On Saturday, my former Center for Genome Sciences colleague Sean Eddy brought up the idea of a Random Genome Project: let’s create a random genome to serve as a null model of genome function. With this random genome, we can determine how much supposedly functional biochemical activity do we expect to see just by chance, and, among other things, we might use a random genome to explore how new functions evolve by “repurposing” (Eddy’s great term) non-functional DNA. In the comments to that post, you can read some discussion of how you might go about making a random genome.
An easier task would be to implement the random genome computationally, an idea I’ve been exploring recently, using a genome-wide binding model along the lines of the one by Wasson and Hartemink.
Why do this? Because we could explore two kinds of null models – the random genome described by Sean Eddy, and the naked genome.
To understand why these null models would be useful, let’s step back and look at what we don’t understand about transcription factor (TF) binding. My Washington U. colleague Joe Corbo studies the transcription factor CRX, which is a master regulator of genes in photoreceptor cells. His lab performed a ChIP-seq experiment on CRX, and identified thousands of places in the mouse genome where CRX binds inside rod photoreceptor cells.
A Levinthal’s Paradox in the genome
If we just look at the CRX results in mouse chromosome 1 (which includes ~197 million base pairs, or ~7% of the mouse genome), we find 328 ChIP-seq peaks, or regions to which CRX binds reproducibly. Why those 328 regions and not elsewhere? We don’t know.
CRX recognizes variants of the sequence CTAATCCC. How many times do CRX recognition sites crop in chromosome one? Depending on your cutoff score (which I set to biologically reasonable values – even weak sites can without question be important), the answer is this:
Only 328 sites are bound out of 30,000 to 150,000 possible sites. About 0.1% of all CRX recognition sites are actually bound reproducibly.
Why? Where is the information for specific, functional binding coming from? (How many of those 328 sites are actually functional is another question.)

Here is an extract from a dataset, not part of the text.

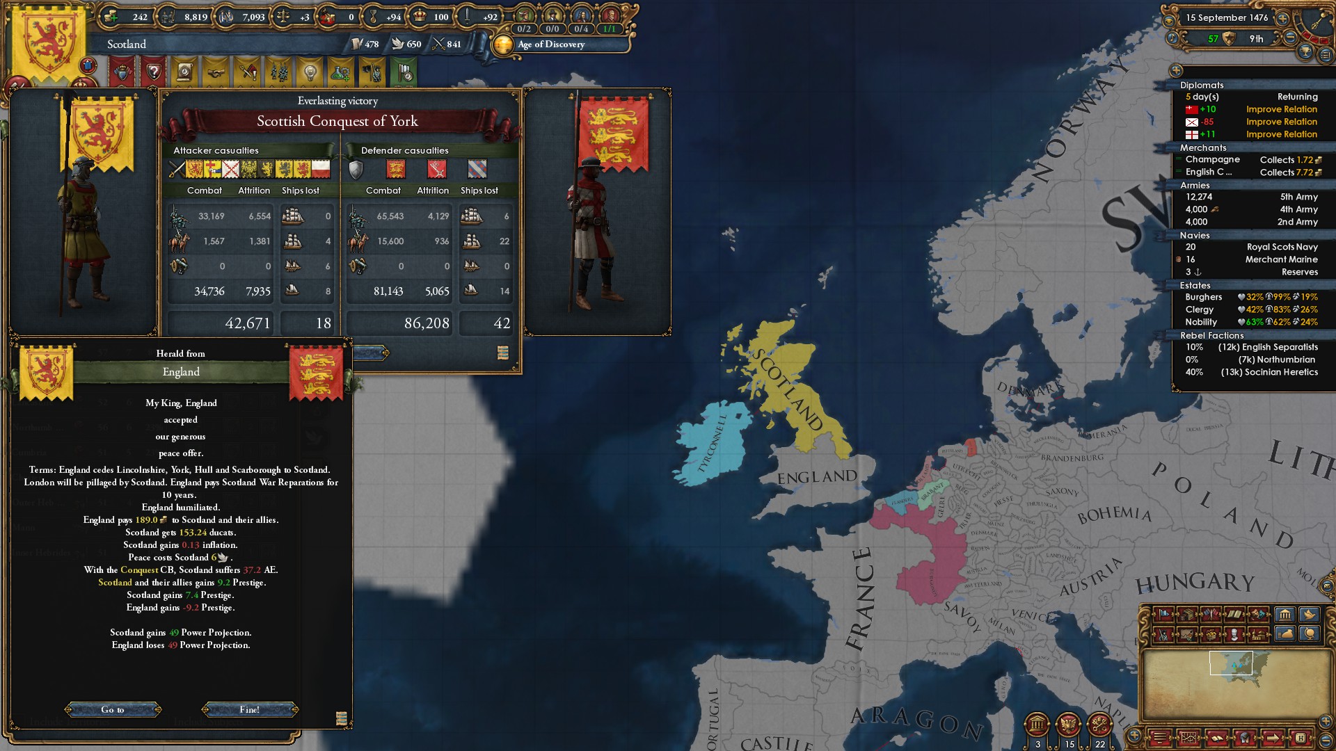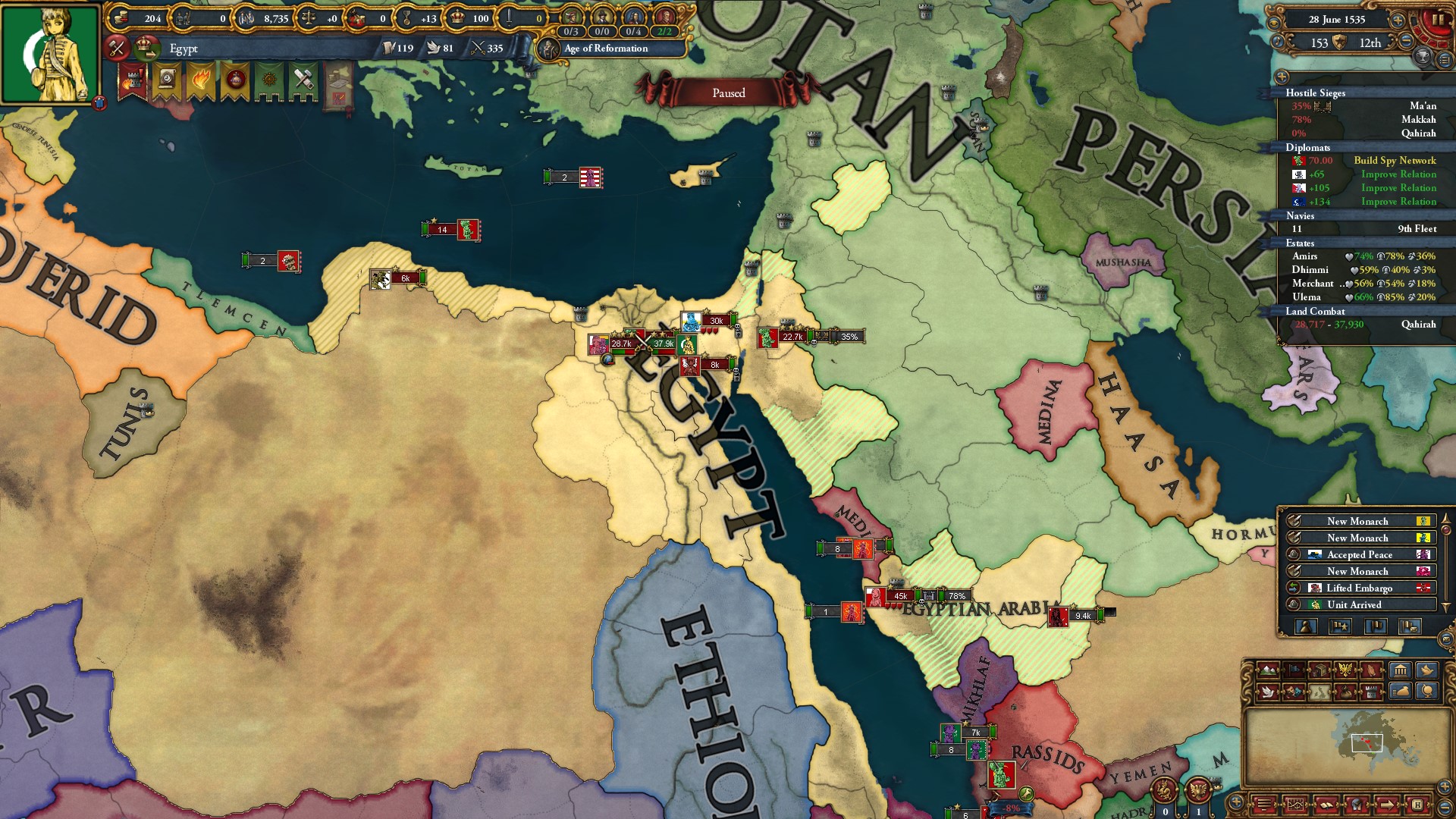 The good news is that it took me about 7 years to balance the economy.The bad news is that the Ottos immediately started integrating me as soon as the truce ran out. I can't find anyone to support my independence, so now I have to fight for my fucking LIFE. I'm immediately going back into debt to afford forts, ramparts, and an army. I'm equal in tech with the Ottos, but I know that they have like 115% discipline and I have only 105%. The only real advantage is that the Ottos already have 0 manpower, but they also have 120k men to my 44k deployed 40k reserve

This is where the naked genome model comes in. CRX, and most transcription factors face a sort of Levinthal’s Paradox of the genome: they need to find their functional targets in a genome where the number of possible recognition sites often outnumbers the amount of TF molecules present in the cell, and, at first glance, there don’t seem to be many guideposts marking the path to target binding sites.
The guideposts could come in two possible forms, not mutually exclusive (and somewhat oversimplified, by leaving out the role of TFs in creating open chromatin):
1) TFs seek out recognition sites in pre-existing regions of open/marked chromatin.

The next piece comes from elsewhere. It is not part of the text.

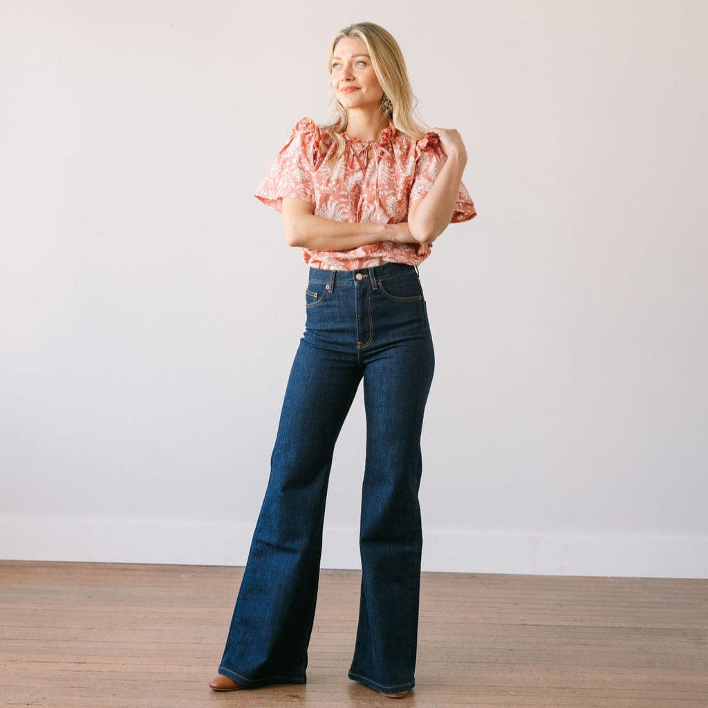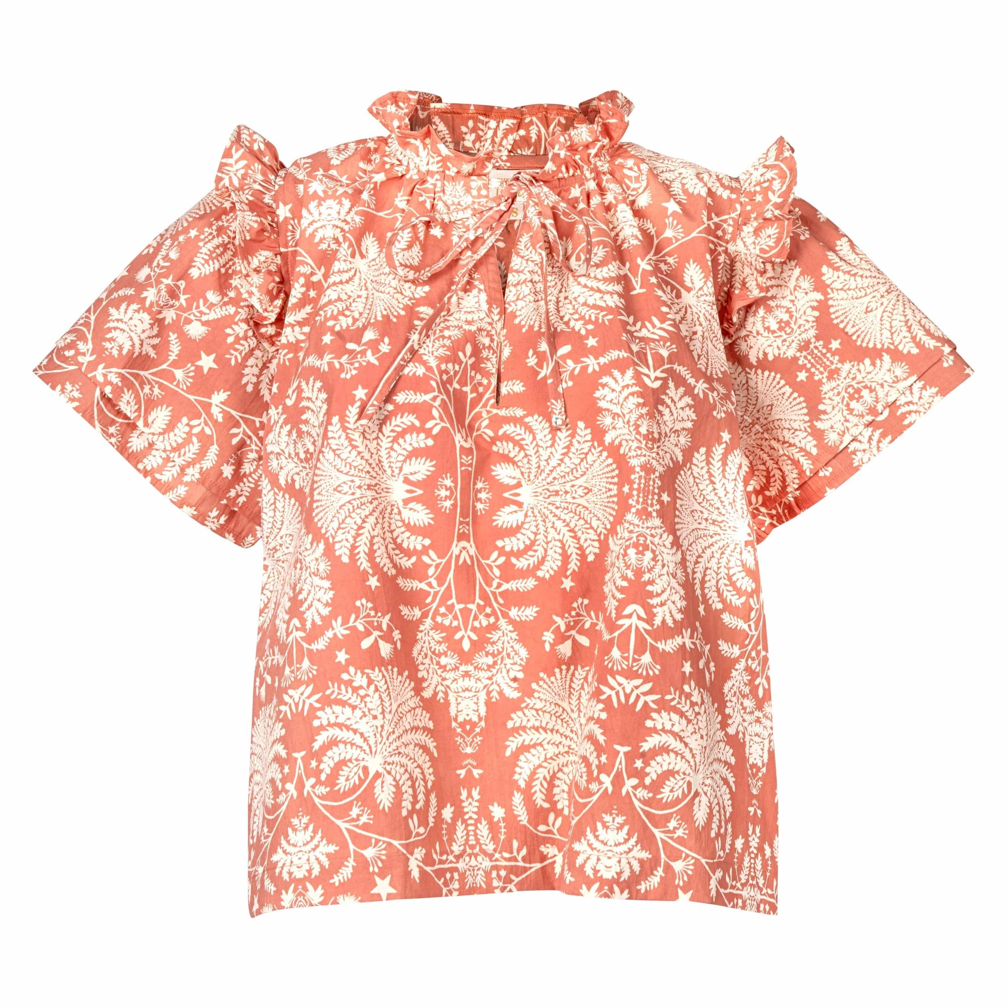 The Rose Gilded Palm Gemma Top features an intricate ivory palm print on a soft rose background, exuding timeless elegance. Designed with flutter sleeves and a tie-front neckline, it’s a chic and versatile choice for day-to-night dressing.

2) TFs only bind in highly specific combinations with other TFs, and those specific combinations are present only at functional sites.

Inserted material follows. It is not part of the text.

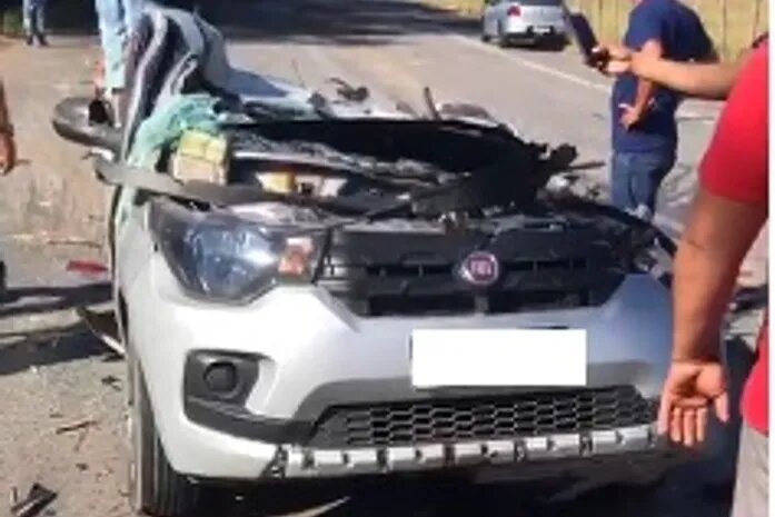 Imagens do acidente mostram a traseira e a parte superior do veículo completamente destruídas, com o homem preso no banco do motorista, exibindo o rosto ensanguentado. Para realizar o resgate da vítima, o Corpo de Bombeiros mobilizou quatro viaturas com 13 militares, que precisaram cortar o que restou do teto do carro para conseguir retirar o motorista.
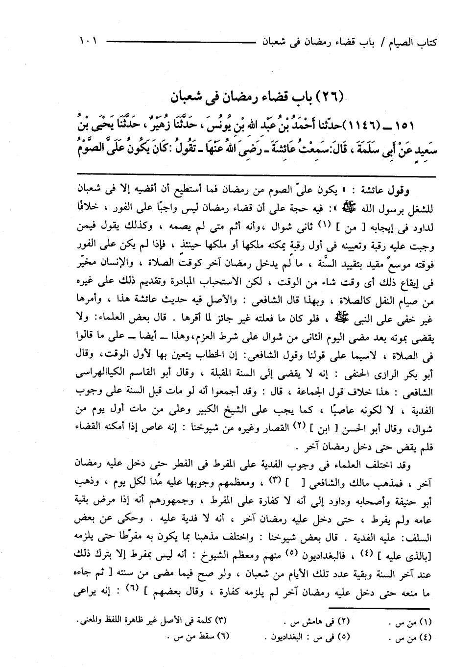 151 - (1146) حدّثنا أَحْمَدُ بْنُ عَبْدِ اللهِ بْنِ يُونُسَ، حَدَّثَنَا زُهَيْرٌ، حَدَّثَنَا يَحْيَى بْنُ سَعِيدٍ عَنْ أَبِى سَلَمَةَ، قَالَ: سَمِعْتُ عَائِشَةَ - رَضِىَ اللهُ عَنْهَا - تَقُولُ: كَانَ يَكُونُ عَلَىَّ الصَّوْمُ

A Naked, null genome model
The naked genome is a genome in which nucleosomes are completely absent and the entire genome is then accessible. It’s a null model which allows us to quantify the potential contributions of chromatin structure and combinatorial binding, because we can ask, what CRX binding do we expect in the total absence of nucleosomes and cooperation with other TFs? Is the genome a giant sponge, soaking up TFs non-specifically? Weak recognition sites vastly outnumber high-affinity recognitions sites – who wins out in the naked genome? If we computationally simulate combinatorial binding with other TFs, do we achieve the specificity that we observe in the cell? The Naked Genome provides a baseline against which we can compare our hypotheses about TF binding.
We could also ask, how does nucleosome coverage tune TF binding? We have a Goldilocks problem: Is there too much inaccessible chromatin, too little, or is it just right?
You can imagine a situation in which too much of the genome is wrapped up in chromatin, resulting in too few accessible, specific recognition sites, and therefore TFs tend to pack non-specifically into any region of open chromatin. Is this what we’re seeing in the ENCODE data?
Or maybe the genome is too open, leaving too many ‘decoy’, non-target recognition sites accessible, and TFs find their targets primarily by sequence information, and not via chromatin guideposts. (The naked genome is the extreme version of this model.) In this case, if we try to experimentally test the ability of these decoy sites to drive transcription, we would predict little or no activity.
Maybe the nucleosome coverage is just right (or TF concentrations are tuned to the correct level), covering up just enough DNA so that TFs aren’t exposed to too many decoy sites, while leaving enough sites open so that TFs aren’t driven non-specifically into any available region of open chromatin.
And then there is the case of so-called pioneer TFs, which induce sites of open chromatin – how do they sort out the target sites from the decoys?
At this point, these kinds of questions are poorly developed, but they illustrate the need for a good null model as we try to understand how genome information is used to direct gene regulation.